Continua la chiusura di radio locali in Italia. Questa volta ad annunciare il proprio disimpegno è Radio Base Mantova, storica emittente locale attiva dal 1976 nell’operosa città della bassa.
Come quasi sempre accade, il commiato è assegnato al direttore, nel caso di specie, Roberto Storti attraverso un commento sul sito della radio e rilanciato anche su Facebook: “Se non é domani é tra qualche giorno o qualche settimana e su questa frequenza (103,2 MHz, ndr) sentirete altra musica e altre voci perché abbiamo deciso di cedere il ramo d’azienda che riguarda la radio, ad altra impresa. A coloro che attoniti ci chiedono se abbiamo fatto di tutto, rispondo che abbiamo percorso ogni strada possibile per tenere in vita una esperienza che dura da più di 40 anni ma non ci sono più i margini per sopravvivere. Quando chi può investire in modo consistente chiede una audience che sia 4 volte gli abitanti di Mantova, infanti compresi, o il negoziante che dice che non si può permettere 100 euro al mese, e ne servirebbero almeno 1000, di negozianti; é impossibile esistere e resistere per una radio locale come siamo anche se il mezzo radiofonico é ancora il più conveniente tra tutti gli strumenti di comunicazione. Cosa rimane? Abbiamo suonato musica che altri non hanno suonato, abbiamo fatto parlare persone che altri hanno zittito, abbiamo affrontato argomenti che altri tacevano, siano stati una fucina di giornalisti che ora lavorano sparsi per l’Italia e anche nel mondo. Potevamo portare i libri in Tribunale, come é sempre più di moda anche da chi é aiutato dagli Enti pubblici, ma noi, invece abbiamo portato e porteremo gli assegni a coloro a cui dobbiamo ancora soldi, e sono pochi, per nostra fortuna (…)”.
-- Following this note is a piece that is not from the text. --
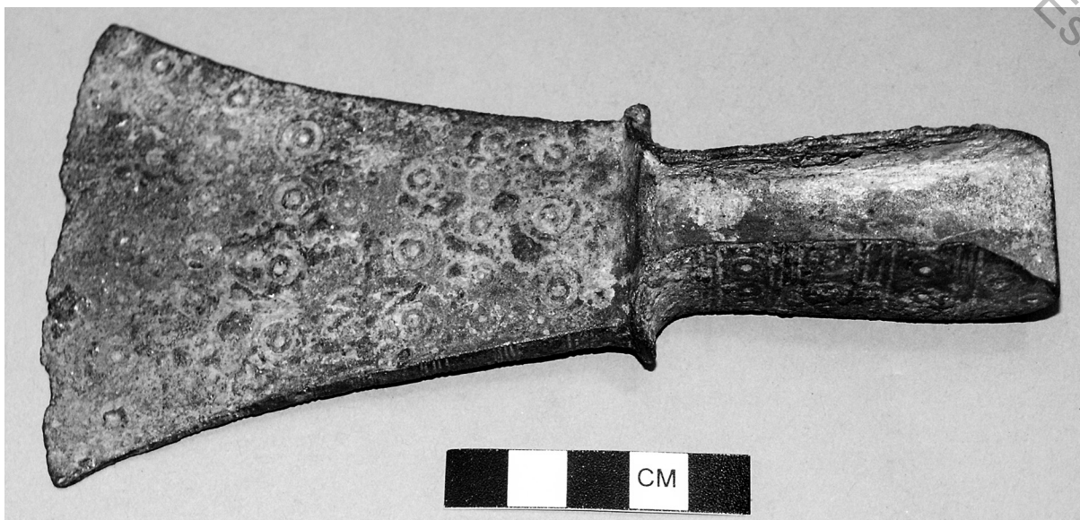
Fig. 1. Ascia ad alette con setto di divisione variante del tipo San Francesco. Peabody Museum, n. inv. 68-13-40-3424, foto 25060061

La conferma che la radiofonia locale ha fatto il suo tempo? Sì e no.
Sì, perché nell’era di Internet le radio locali fondate sul modello classico (contenuti, anche di rilievo locale, contro spot pubblicitari) non possono più sostenere il confronto con strumenti di informazione ed intrattenimento più performanti sul piano commerciale (quali sono i cd. “rich media”).
No, se le radio capiscono le nuove regole dettate dal cambiamento introdotto dal web: “Fateci caso, c’è una cerchia (sicuramente ristretta) di emittenti locali che prospera in un momento di crisi del comparto: si tratta di stazioni, certamente di grande appeal, che non si pongono sullo stesso livello delle reti nazionali, ma completano un’offerta che altrimenti rimarrebbe scoperta, anche sul piano commerciale e di presidio “fisico” del territorio”, commenta Stefano Cionini, avvocato partner di Consultmedia (struttura di competenze a più livelli collegata a questo periodico) e cofondatore di MCL Avvocati Associati, spesso chiamato a coadiuvare procedure concorsuali nel settore radiotelevisivo e quindi esperto delle dinamiche di crisi. “Sono quelle emittenti che hanno tra la voce “gestione eventi” una quota sempre maggiore dei ricavi. Una volta si diceva che la radio, per essere viva, doveva uscire tra la gente: quel principio vecchio di 30 o 40 anni, oggi è ancora più valido di allora, perché è proprio lì che i competitor del web sono più deboli e le radio locali possono trovare fonti di sostentamento alternative (o comunque complementari) ai classici (e francamente un poco superati) spot”, continua il legale.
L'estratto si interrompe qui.